● Your instructions: The pictures in the listing below are to be skipped, while the lines between the line holding "旅游时,曾去过蔚县也听说过打" and the line holding "Por Ing. Rosendo Mauricio Sermeño.", inclusive, are to be output exactly.

● Material for the task:
***

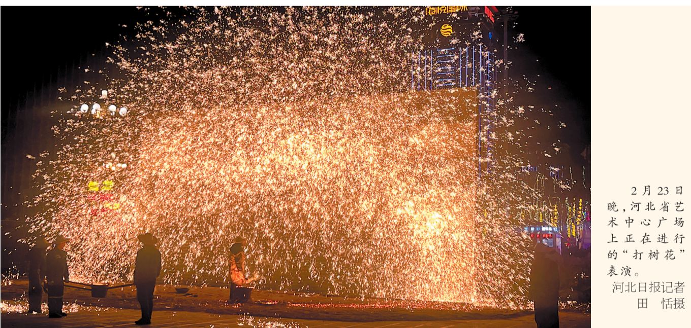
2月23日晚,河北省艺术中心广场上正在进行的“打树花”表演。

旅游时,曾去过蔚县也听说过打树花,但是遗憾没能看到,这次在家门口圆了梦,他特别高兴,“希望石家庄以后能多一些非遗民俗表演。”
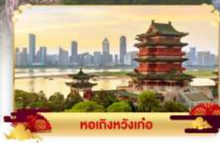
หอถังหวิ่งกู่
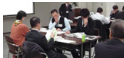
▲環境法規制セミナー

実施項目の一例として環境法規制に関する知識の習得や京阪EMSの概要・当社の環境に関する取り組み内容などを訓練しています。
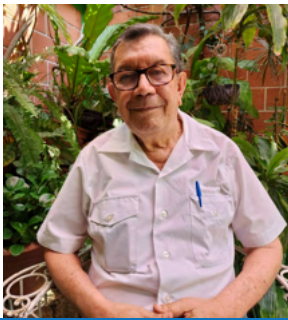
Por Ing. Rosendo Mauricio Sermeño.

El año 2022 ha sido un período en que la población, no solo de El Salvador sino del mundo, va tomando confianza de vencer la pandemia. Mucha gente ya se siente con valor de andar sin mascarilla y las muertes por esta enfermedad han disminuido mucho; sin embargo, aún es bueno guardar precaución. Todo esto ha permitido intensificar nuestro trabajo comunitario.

***

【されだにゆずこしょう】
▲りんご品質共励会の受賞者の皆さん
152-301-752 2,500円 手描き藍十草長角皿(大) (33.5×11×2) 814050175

***

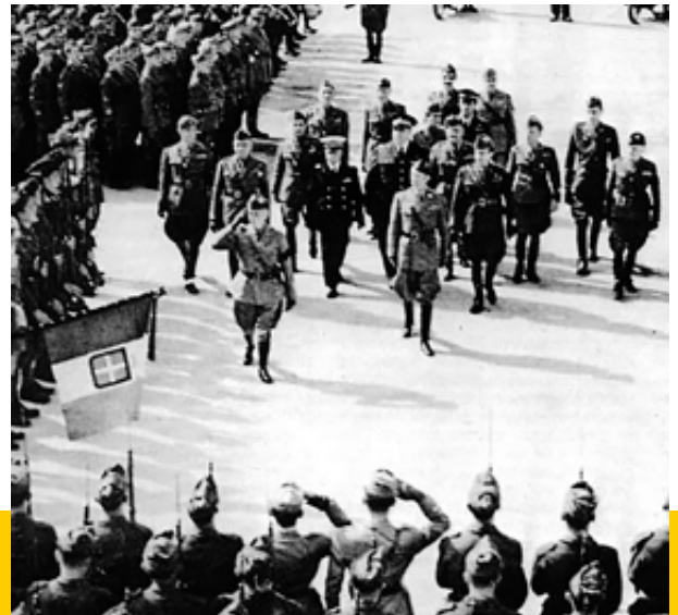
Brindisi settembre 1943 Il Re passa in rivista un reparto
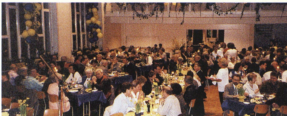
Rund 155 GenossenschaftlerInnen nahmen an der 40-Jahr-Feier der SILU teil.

***

● Written answer:
旅游时,曾去过蔚县也听说过打树花,但是遗憾没能看到,这次在家门口圆了梦,他特别高兴,“希望石家庄以后能多一些非遗民俗表演。”
หอถังหวิ่งกู่
▲環境法規制セミナー

実施項目の一例として環境法規制に関する知識の習得や京阪EMSの概要・当社の環境に関する取り組み内容などを訓練しています。
Por Ing. Rosendo Mauricio Sermeño.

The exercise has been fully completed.